RECORDS FOR THE TASK:
______

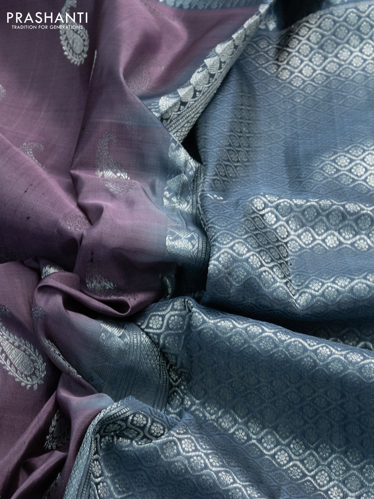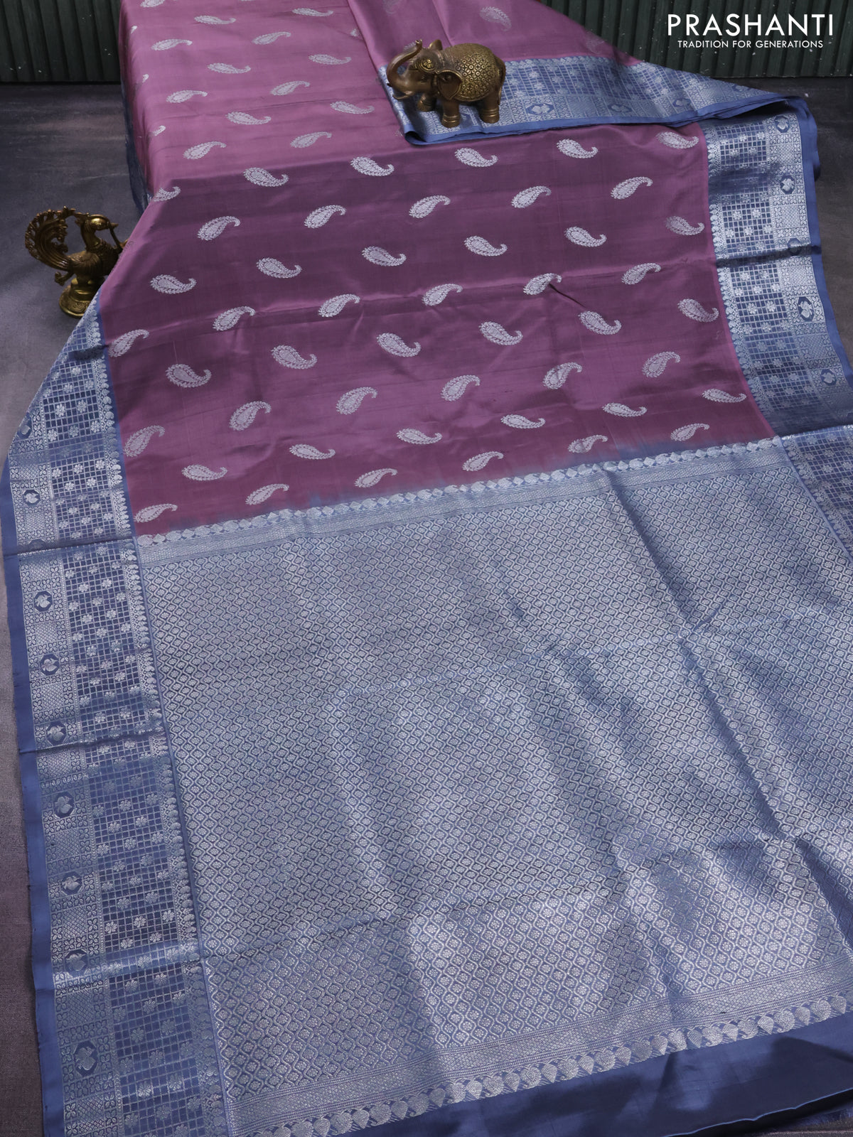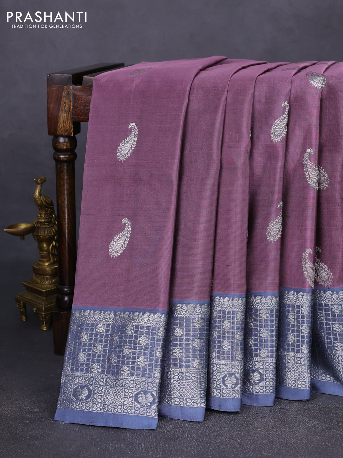 Venkatagiri silk saree pastel pink and grey with silver zari woven paisley buttas and silver zari woven border
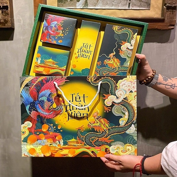 Hộp đi kèm túi đựng có quai xách tiện lợi và hộp con bên trong giúp bạn thuận tiện cho việc cầm hay di chuyền mà không lo ảnh hưởng đến chất lượng bánh bên trong. Không chỉ vậy mẫu hộp này còn có thêm hộp đựng trà giúp bạn có thể thêm vào đó những gói trà thơm ngon để tặng người thân nhân nhân dịp lễ Trung Thu.
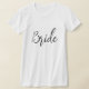 A camiseta feminina é mostrada em um estilo de tripulação e mangas curtas em branco com texto preto: Noiva. Personalize este item ou comprar como está.
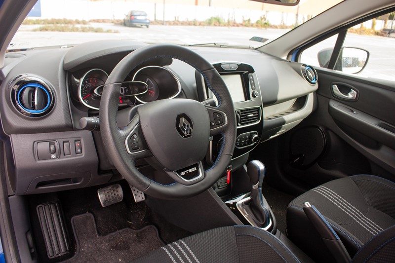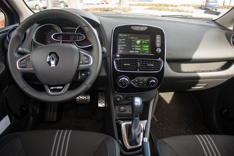 Wnętrze Clio jest zdecydowanie mniej intrygujące, chociaż dzięki pakietowi stylistycznemu pojawiły się w nim pewne elementy poprawiające jego wygląd. Sportowego charakteru nadają sportowa skórzana kierownica z oznakowaniem GT Line, ozdobne elementu i przeszycia w kolorze niebieskim oraz aluminiowe pedały. To wszystko robi naprawdę fajne wrażenie a elementem dzięki któremu możemy poczuć się jak w wyścigowym samochodzie są sportowe fotele ze wzmocnionymi podparciami bocznymi obszyte specjalną tapicerką GT Line, które świetnie trzymają ciało w czasie agresywnego pokonywania zakrętów – duża zaleta w trakcie zabawy, ale w codziennym użytkowaniu potrafią być nieco zbyt ciasne i twarde.
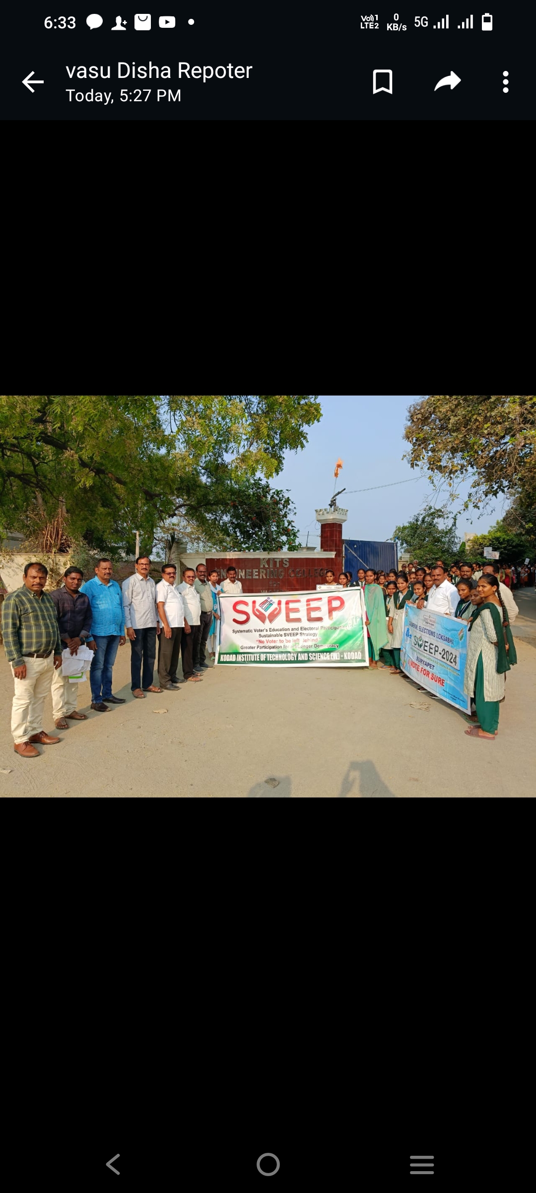 కోదాడ,మార్చి 15(mbmtelugunews)ప్రతినిధి మాతంగి సురేష్:ప్రజాస్వామ్యంలో ఓటు హక్కు వజ్రాయుధమని కోదాడ ఆర్డిఓ సిహెచ్ సూర్యనారాయణ అన్నారు.శుక్రవారం కోదాడ కిట్స్ ఇంజనీరింగ్ కళాశాలలో విద్యార్థులకు ఓటు హక్కు నమోదు పై అవగాహన కల్పించి మాట్లాడారు.18 సంవత్సరాలు దాటిన యువతి యువకులు విధిగా ఓటు హక్కు నమోదు చేసుకోవాలన్నారు.ఓటు హక్కు నమోదు పై విస్తృత ప్రచారం నిర్వహించాలని కోరారు.విద్యావంతులు ప్రజాస్వామ్య విలువలను రాజ్యాంగ ఫలాలను తెలుసుకోవాలన్నారు.కిడ్స్ మహిళా ఇంజనీరింగ్ కళాశాల చైర్మన్ డాక్టర్ నీలా సత్యనారాయణ అధ్యక్షతన జరిగిన.ఈ కార్యక్రమంలో కోదాడ మండల విద్యాధికారి సలీం షరీఫ్,అసెంబ్లీ లెవెల్ మాస్టర్ ట్రైనర్ చంద్రశేఖర్,రమేష్,ప్రిన్సిపాల్ గాంధీ,డిప్యూటీ తాసిల్దార్ అనిల్ కుమార్,అకడమిక్ డైరెక్టర్ పోతుగంటి నాగేశ్వరరావు తదితరులు పాల్గొన్నారు.
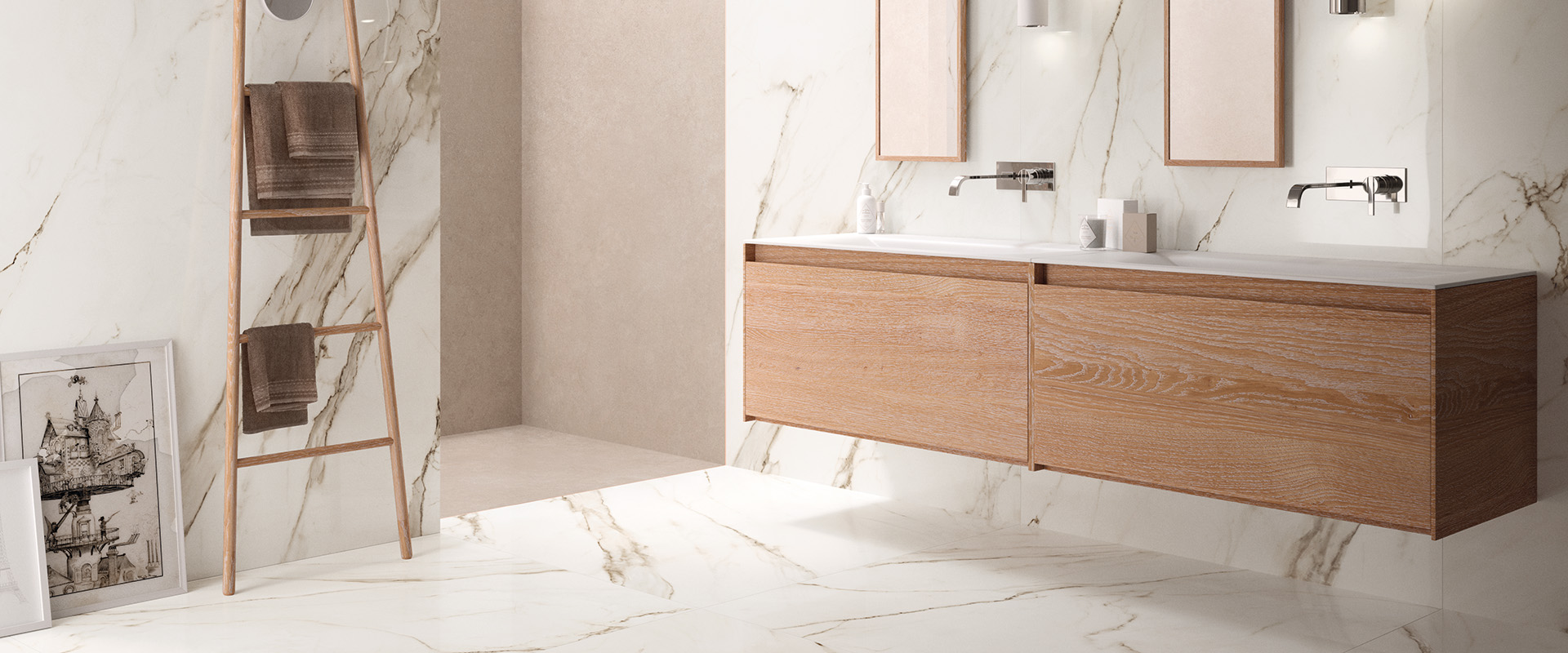 源自義大利設計,流動在山脈中的金黃色,卡拉卡塔金提供暖色調的大理石紋理,在豪華大器中也多了一分溫暖感受,柔和且高尚,拋光面的卡拉卡塔金,
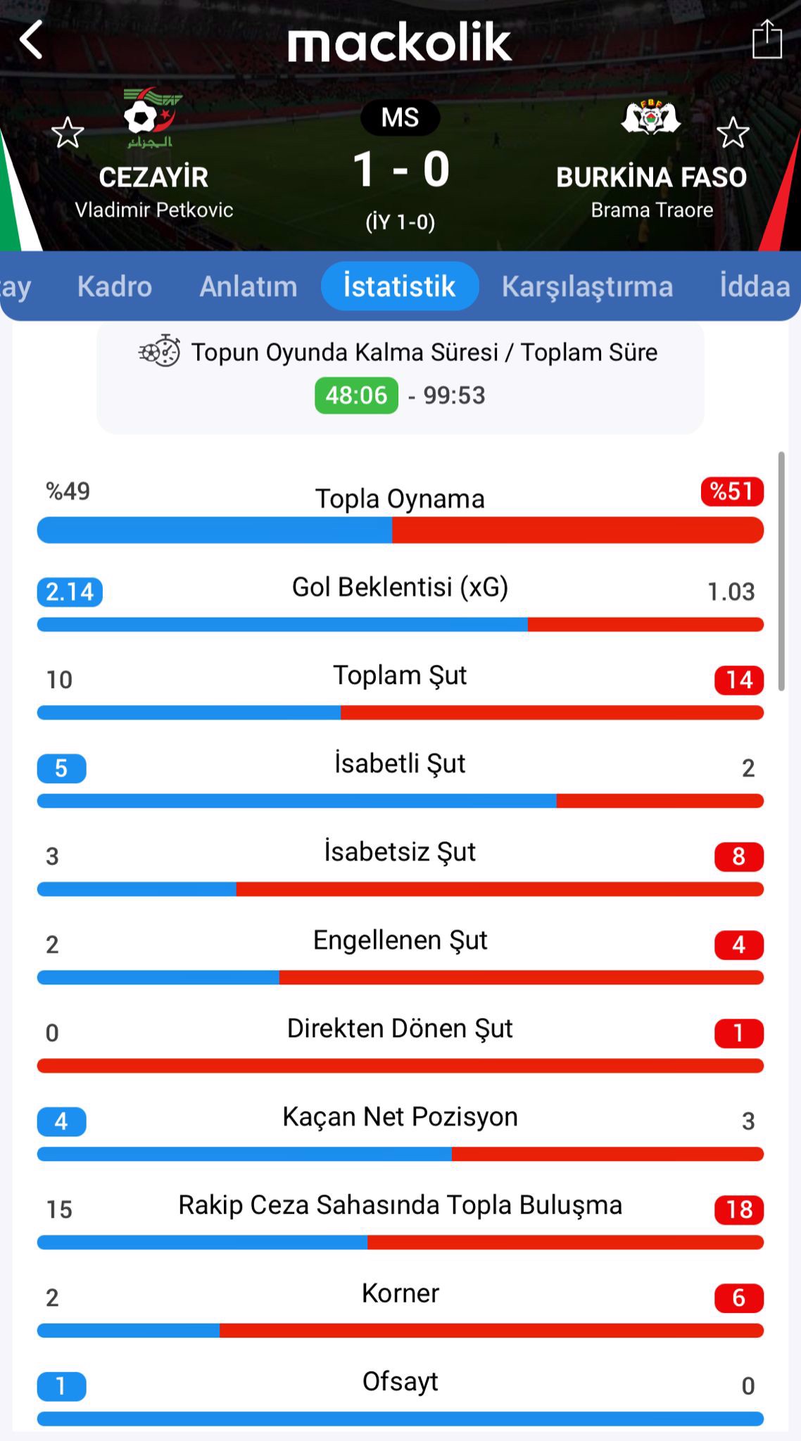 İkinci yarıda gol sesi çıkmadı ve Cezayir maçı 1-0 kazandı.
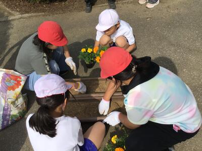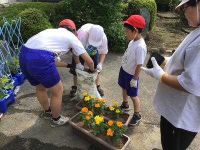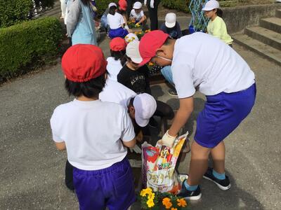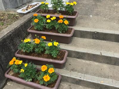 朝の活動の時間、マリーゴールド植えを行いました。縦割り班で協力して植えることができました。6年生がリーダーとなり、プランター設置から周りの片付けまでしっかりできました。昇降口前に飾られたプランターのおかげでとても華やかになりましたね。

______

EXERCISE OBJECTIVE: Extract the run of lines beginning with the line that holds "కోదాడ,మార్చి 15(mbmtelugunews)ప్రతినిధి మాతంగి" and ending at the last line of the data, inclusive. Exclude any pictures from the copy.

SOLUTION TO THE EXERCISE:
 కోదాడ,మార్చి 15(mbmtelugunews)ప్రతినిధి మాతంగి సురేష్:ప్రజాస్వామ్యంలో ఓటు హక్కు వజ్రాయుధమని కోదాడ ఆర్డిఓ సిహెచ్ సూర్యనారాయణ అన్నారు.శుక్రవారం కోదాడ కిట్స్ ఇంజనీరింగ్ కళాశాలలో విద్యార్థులకు ఓటు హక్కు నమోదు పై అవగాహన కల్పించి మాట్లాడారు.18 సంవత్సరాలు దాటిన యువతి యువకులు విధిగా ఓటు హక్కు నమోదు చేసుకోవాలన్నారు.ఓటు హక్కు నమోదు పై విస్తృత ప్రచారం నిర్వహించాలని కోరారు.విద్యావంతులు ప్రజాస్వామ్య విలువలను రాజ్యాంగ ఫలాలను తెలుసుకోవాలన్నారు.కిడ్స్ మహిళా ఇంజనీరింగ్ కళాశాల చైర్మన్ డాక్టర్ నీలా సత్యనారాయణ అధ్యక్షతన జరిగిన.ఈ కార్యక్రమంలో కోదాడ మండల విద్యాధికారి సలీం షరీఫ్,అసెంబ్లీ లెవెల్ మాస్టర్ ట్రైనర్ చంద్రశేఖర్,రమేష్,ప్రిన్సిపాల్ గాంధీ,డిప్యూటీ తాసిల్దార్ అనిల్ కుమార్,అకడమిక్ డైరెక్టర్ పోతుగంటి నాగేశ్వరరావు తదితరులు పాల్గొన్నారు.
 源自義大利設計,流動在山脈中的金黃色,卡拉卡塔金提供暖色調的大理石紋理,在豪華大器中也多了一分溫暖感受,柔和且高尚,拋光面的卡拉卡塔金,
 İkinci yarıda gol sesi çıkmadı ve Cezayir maçı 1-0 kazandı.
 朝の活動の時間、マリーゴールド植えを行いました。縦割り班で協力して植えることができました。6年生がリーダーとなり、プランター設置から周りの片付けまでしっかりできました。昇降口前に飾られたプランターのおかげでとても華やかになりましたね。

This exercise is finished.